31. Don't let anything destructive (neurosis, ego, power-play, control quest, weakening in the thing that gave resolution, frustration or any self-interest) bring degeneration or sabotage to your accomplishment. A personal problem or shortcoming is never license to abuse the other or threaten the relationship. If you must vent intense or hard-to-manage feelings, do so in ways that are never at anyone else's expense. Go running or exercising till you have no more energy, scream into a pillow when no one else is home, tear a phone book, hit a punching bag at a gym. Deal with anti-social, offensive, hostile, hurtful, destructive or violent emotions in private and so that no other living soul (except perhaps your counselor or therapist) need know about this.

32. Never forget: half the relationship is the other's property! Marriage is a full-time "exercise" in discipline, self-control and unselfishness.

33. Never threaten. Make no threats of any kind. Threats are only destructive.

34. Have empathy - how is the other feeling about the situation and you?

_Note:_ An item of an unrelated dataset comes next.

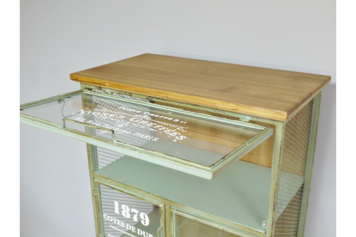 Constructed from durable materials, this cabinet is not only stylish but also practical. The spacious shelves provide ample storage for books, decorative items, or kitchen essentials, making it a versatile piece of furniture for various purposes. The industrial cabinet is a perfect blend of form and function, adding a touch of urban flair to any interior.
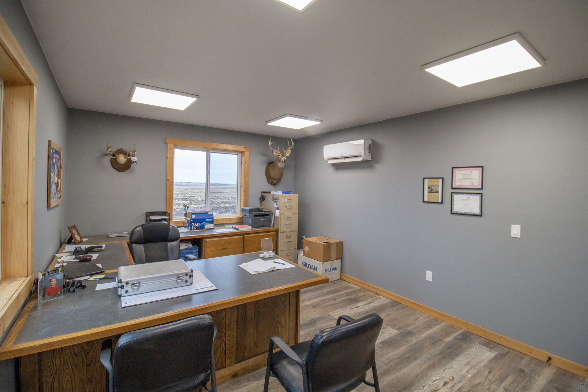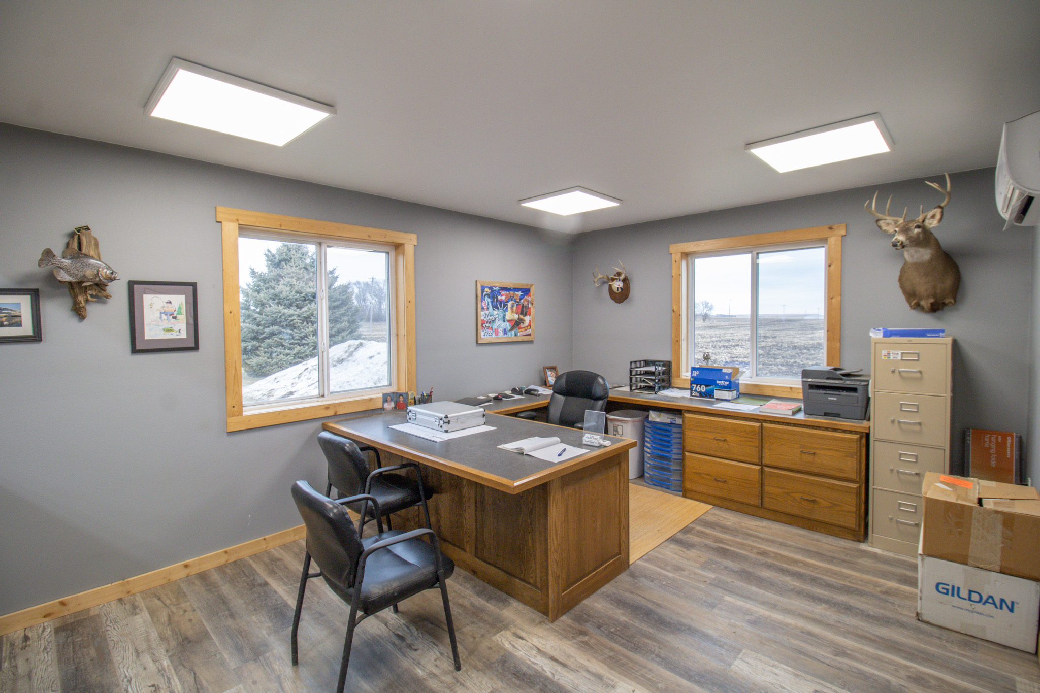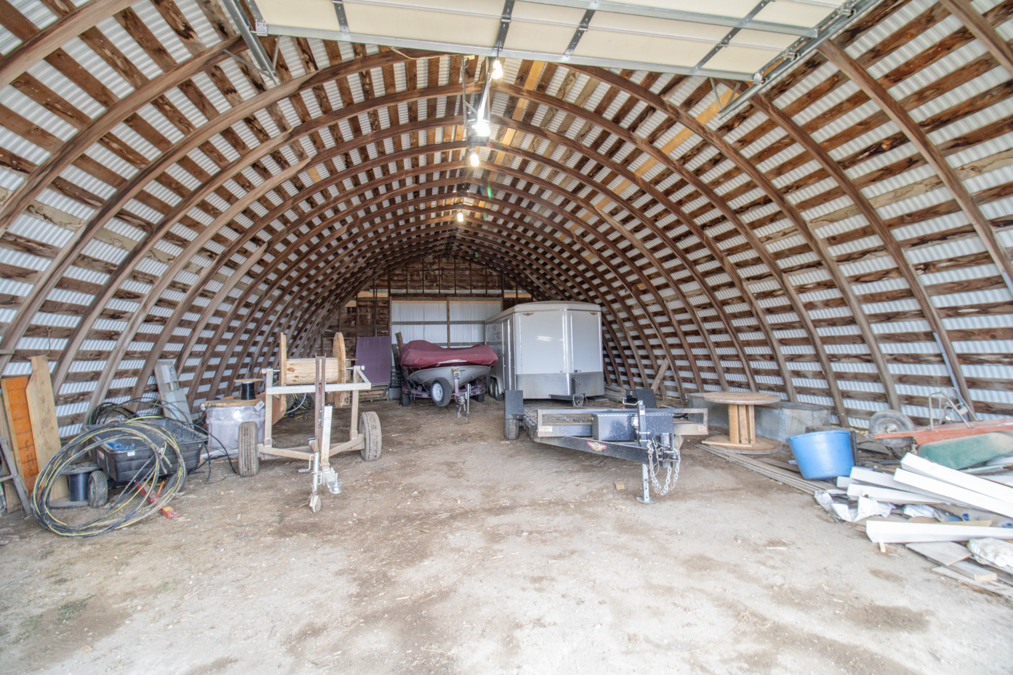 Outside, you’ll find an above-ground pool surrounded by a composite deck, ideal for summer enjoyment. The acreage also includes outstanding outbuildings, featuring a 50’ x 80’ heated building with 14’ sidewalls, four 12’ x 12’ overhead doors, LP radiant heat, a half bath, and a 12’ x 16’ office with a mini split system. A 33’ x 58’ Quonset cold storage building with a dirt floor and electric service and had the steel installed in 2023, along with a barn that had its steel replaced in 2018. This versatile acreage offers a rare combination of modern home amenities, recreational features, and high-quality buildings—perfect for work, storage, or hobbies.

What does this mean you must do, in very practical terms, on behalf of your partner and the relationship? What will it take to show you care - and be convincing?

35. Never disrupt the regular order of life over the adversarial issue. Always keep to your normal order of life, even when there are unavoidable or irritating quarrels. By keeping the tone, activities and "atmosphere" of life as normal and consistent as possible at all times, fights will not shake up your overall lives and relationship significantly. Keeping life steady helps to minimize the destructive or destabilizing effect of arguments and sends the message that the relationship is bigger than any disagreement. This, of course, makes resolution and healing come much more easily, quickly and lastingly.

36. Refuse to fight. Breaking peace is just never an option.